Listed entries:
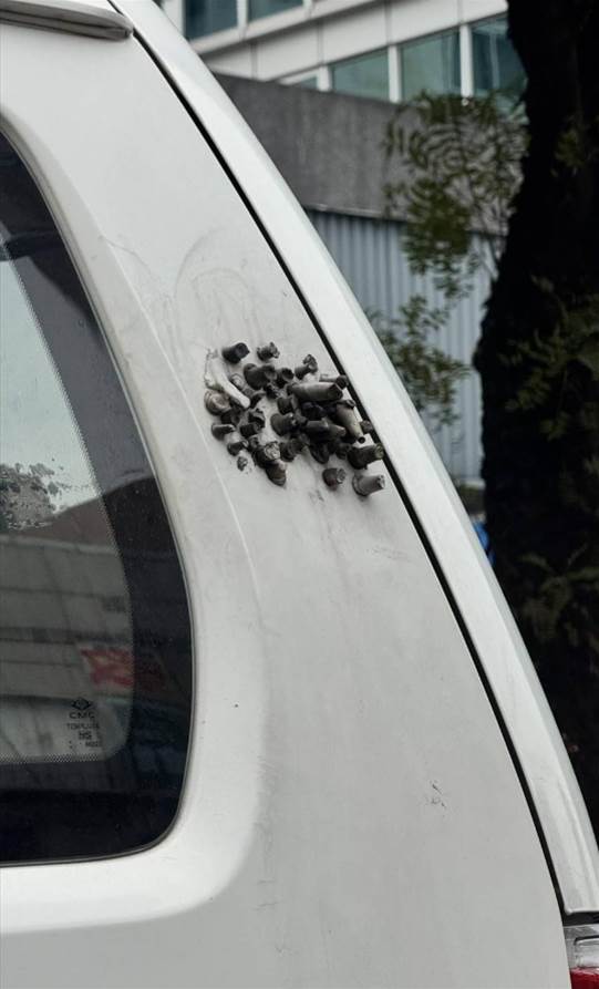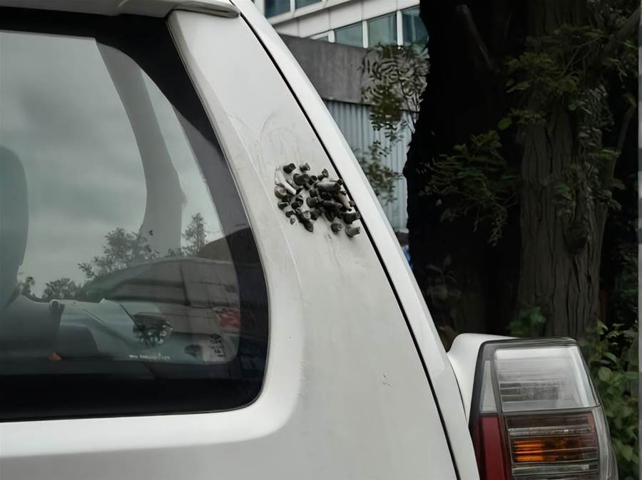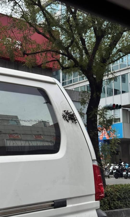 其实这团「怪东西」在台湾路边根本是「常客」,尤其白车最容易中招。先排除女儿担心的「虫子结巢」—— 毕竟没哪种虫会在等红灯的三分钟内,神速堆出这么大一团「作品」。
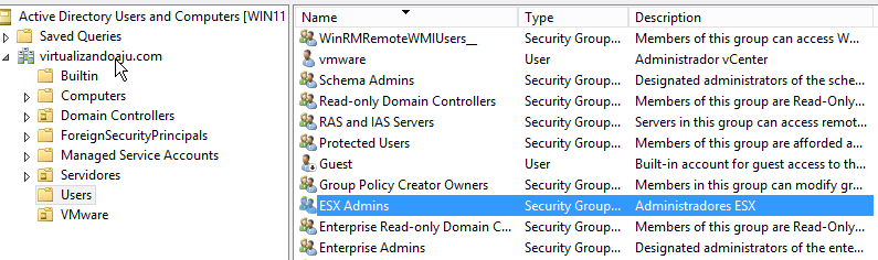 Primeiro precisamos criar um grupo no Active Directory. O grupo padrão para integração que a VMware usa é ESXI Admins. Podemos usar outro grupo, veremos isso mais adiante.
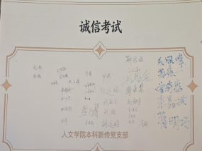 在活动第三部分,支部全体成员庄严签署诚信考试承诺书,通过仪式化教育强化纪律意识与诚信理念,为营造风清气正的考试环境筑牢思想根基,推动形成以诚信为本、以实力取胜的良好学风,让严肃考纪、文明应考成为每一位成员的共同行动准则。
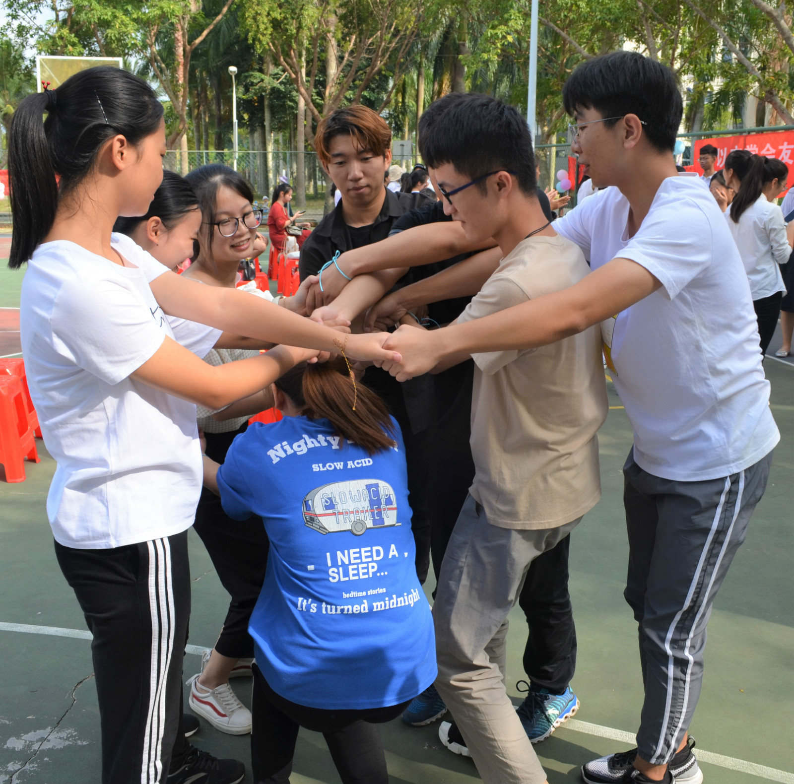 早上六点三十分,工作人员提前到达进行场地布置、组织签到、分组等工作。活动开始,现场同学按照颜色被分为五个小组,主持人介绍了活动流程以及活动内容,随后按照“解手链”“说东道西”“报纸叠加”“瞎子指挥瘸子”“正话反说”五个团体游戏有序进行,旨在考验同学们的协作能力,培养团体精神。
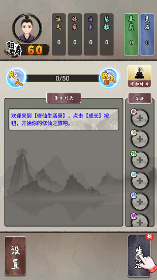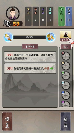 1.修仙生活录免广告版是一款小游戏来放置秀仙,并在游戏开始时选择您的产地,这很舒服;
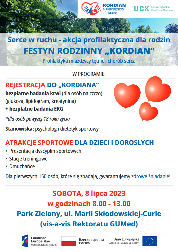 Nasz piknik organizujemy w ramach programu „Kordian”. Ma on na celu przede wszystkim edukować Państwa z zakresu chorób sercowo-naczyniowych oraz uświadamiać, jakie korzyści niesie ze sobą aktywność fizyczna i zdrowe nawyki żywieniowe. W trakcie imprezy będzie możliwość zrobienia sobie bezpłatnych badań krwi (koniecznie trzeba być na czczo) oraz bezpłatnych badań EKG. I teraz uwaga! Dla pierwszych 150 osób, które się zbadają, przygotowaliśmy pyszne, ZDROWE ŚNIADANIE! Specjalnie dla Państwa umożliwimy konsultację z psychologiem oraz dietetykiem sportowym, aby wiedzieć, jakie zmiany w życiu należy wprowadzić!
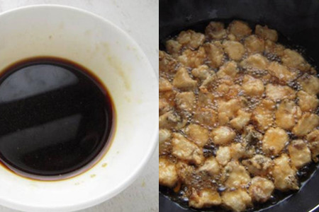 取一小碗,加入适量姜汁、酱油、香醋和白糖,搅匀待用。炒锅置于火上,放入适量食用油烧热,油热之后,将腌好的鱼丁下锅炸制,鱼丁炸成外皮金黄酥脆,捞起滤干油分。
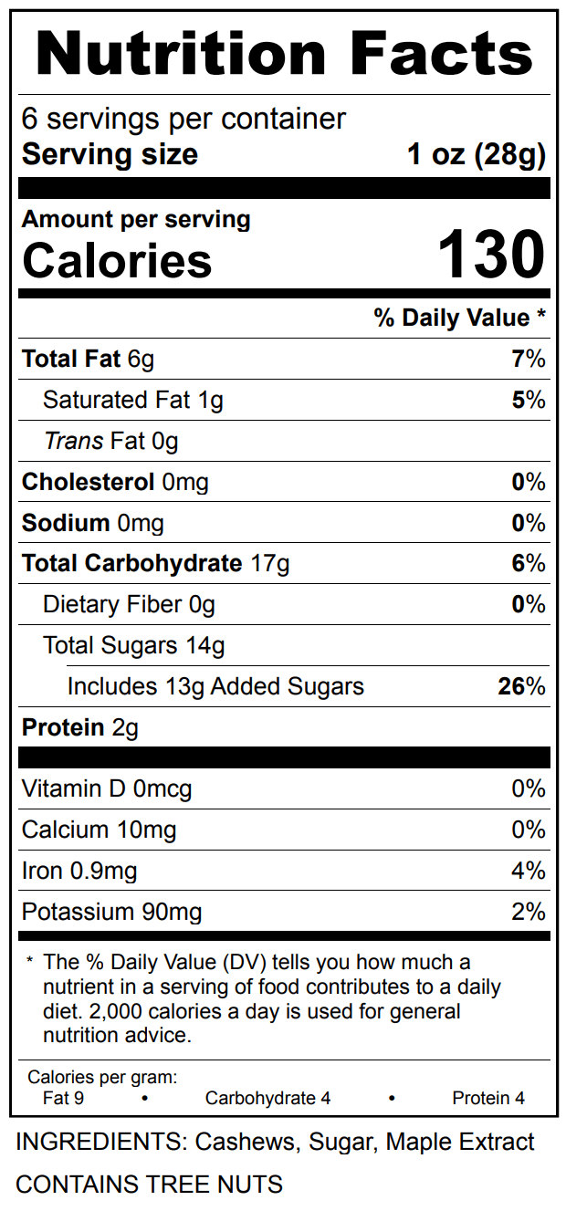 Tantalize your taste buds with something they may never have experienced before. This warm and inviting flavor will have you craving a northern escape. Our Maple Roasted Candied Cashews take a world-famous nut and turn it into something special. This artisan recipe uses whole roasted cashews and covers them in an exquisite Canadian maple glaze for the mouth-watering combination you never knew you needed, until now. The warm sweetness of this Canadian gold compliments the creaminess of each cashew for a divine snacking experience.
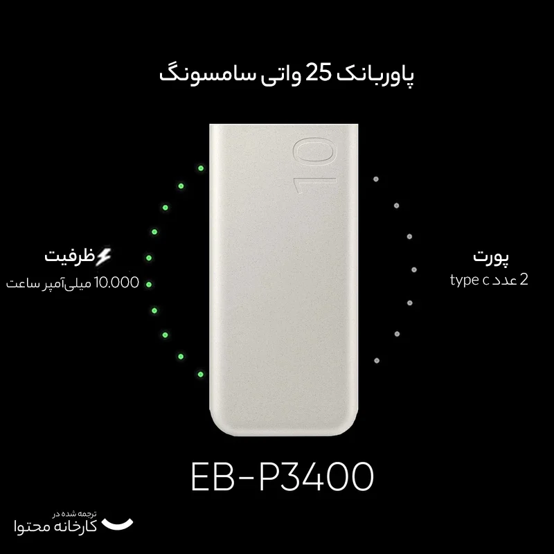 پاوربانک سامسونگ مدل eb-p3400 ظرفیت ۱۰۰۰۰ میلی آمپر پاسخی حرفه‌ای به نیاز روزافزون کاربران برای دسترسی به شارژ پرسرعت در طول روز است. این شارژر همراه با طراحی ساده، شیک و ضخامت کم ۱۵.۶ میلی‌متر، به راحتی قابل حمل است. مهم‌ترین نقطه قوت این مدل، پشتیبانی از فناوری سوپر فست شارژ ۲۵ وات است که عملکردی کاملاً مشابه با شارژرهای دیواری قدرتمند سامسونگ را فراهم می‌کند.
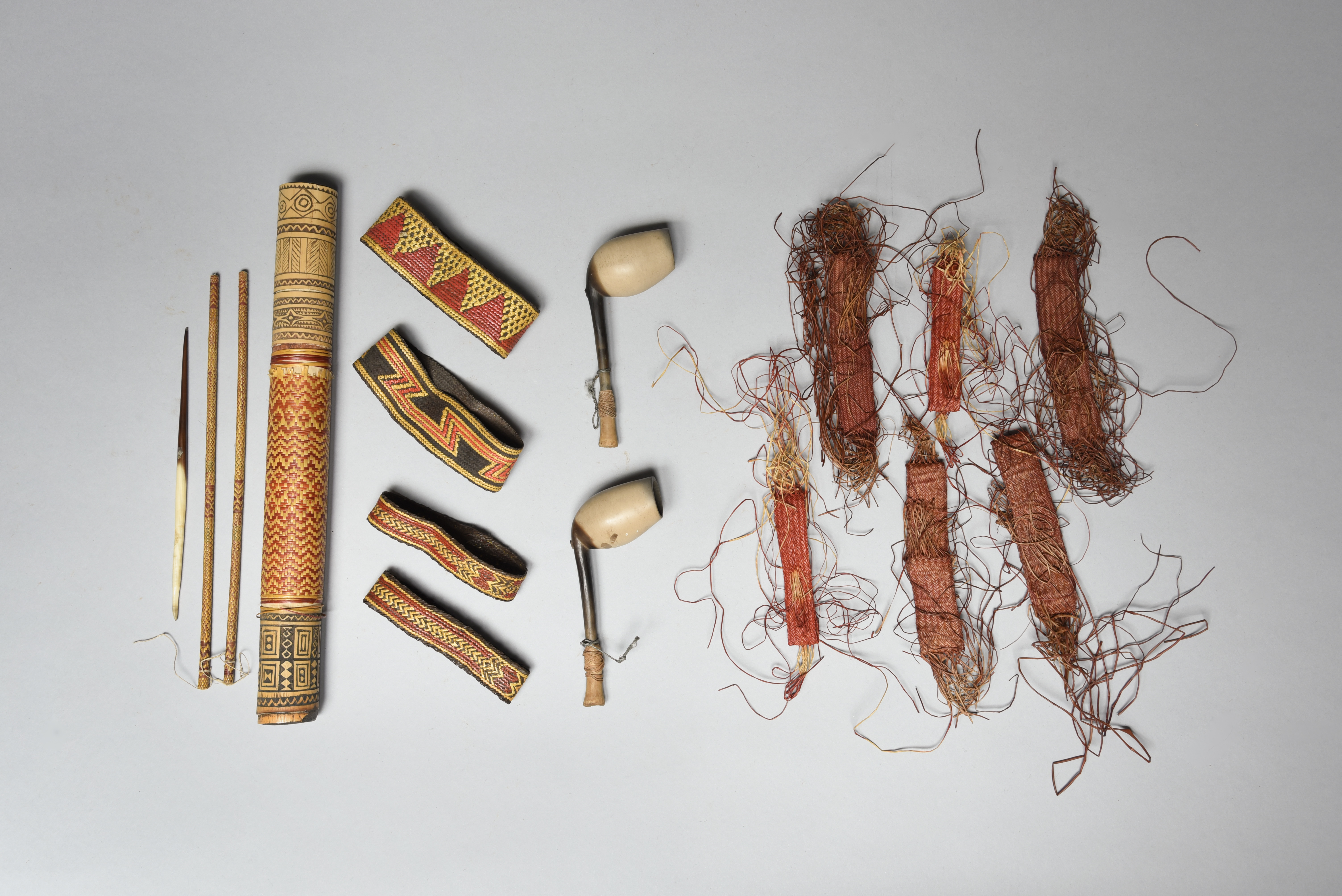 orchid fibre and red dye, two fibre ear ornaments, 25.5cm long, a quill nose ornament, 18cm long, a bamboo container and cover with carved decoration and fibre binding, 32.5cm long and two clay pipes with fibre bound wood mouthpieces. (17)

Activity: Transcribe each line above verbatim, with the pictures left out.

The answer:
 其实这团「怪东西」在台湾路边根本是「常客」,尤其白车最容易中招。先排除女儿担心的「虫子结巢」—— 毕竟没哪种虫会在等红灯的三分钟内,神速堆出这么大一团「作品」。
 Primeiro precisamos criar um grupo no Active Directory. O grupo padrão para integração que a VMware usa é ESXI Admins. Podemos usar outro grupo, veremos isso mais adiante.
 在活动第三部分,支部全体成员庄严签署诚信考试承诺书,通过仪式化教育强化纪律意识与诚信理念,为营造风清气正的考试环境筑牢思想根基,推动形成以诚信为本、以实力取胜的良好学风,让严肃考纪、文明应考成为每一位成员的共同行动准则。
 早上六点三十分,工作人员提前到达进行场地布置、组织签到、分组等工作。活动开始,现场同学按照颜色被分为五个小组,主持人介绍了活动流程以及活动内容,随后按照“解手链”“说东道西”“报纸叠加”“瞎子指挥瘸子”“正话反说”五个团体游戏有序进行,旨在考验同学们的协作能力,培养团体精神。
 1.修仙生活录免广告版是一款小游戏来放置秀仙,并在游戏开始时选择您的产地,这很舒服;
 Nasz piknik organizujemy w ramach programu „Kordian”. Ma on na celu przede wszystkim edukować Państwa z zakresu chorób sercowo-naczyniowych oraz uświadamiać, jakie korzyści niesie ze sobą aktywność fizyczna i zdrowe nawyki żywieniowe. W trakcie imprezy będzie możliwość zrobienia sobie bezpłatnych badań krwi (koniecznie trzeba być na czczo) oraz bezpłatnych badań EKG. I teraz uwaga! Dla pierwszych 150 osób, które się zbadają, przygotowaliśmy pyszne, ZDROWE ŚNIADANIE! Specjalnie dla Państwa umożliwimy konsultację z psychologiem oraz dietetykiem sportowym, aby wiedzieć, jakie zmiany w życiu należy wprowadzić!
 取一小碗,加入适量姜汁、酱油、香醋和白糖,搅匀待用。炒锅置于火上,放入适量食用油烧热,油热之后,将腌好的鱼丁下锅炸制,鱼丁炸成外皮金黄酥脆,捞起滤干油分。
 Tantalize your taste buds with something they may never have experienced before. This warm and inviting flavor will have you craving a northern escape. Our Maple Roasted Candied Cashews take a world-famous nut and turn it into something special. This artisan recipe uses whole roasted cashews and covers them in an exquisite Canadian maple glaze for the mouth-watering combination you never knew you needed, until now. The warm sweetness of this Canadian gold compliments the creaminess of each cashew for a divine snacking experience.
 پاوربانک سامسونگ مدل eb-p3400 ظرفیت ۱۰۰۰۰ میلی آمپر پاسخی حرفه‌ای به نیاز روزافزون کاربران برای دسترسی به شارژ پرسرعت در طول روز است. این شارژر همراه با طراحی ساده، شیک و ضخامت کم ۱۵.۶ میلی‌متر، به راحتی قابل حمل است. مهم‌ترین نقطه قوت این مدل، پشتیبانی از فناوری سوپر فست شارژ ۲۵ وات است که عملکردی کاملاً مشابه با شارژرهای دیواری قدرتمند سامسونگ را فراهم می‌کند.
 orchid fibre and red dye, two fibre ear ornaments, 25.5cm long, a quill nose ornament, 18cm long, a bamboo container and cover with carved decoration and fibre binding, 32.5cm long and two clay pipes with fibre bound wood mouthpieces. (17)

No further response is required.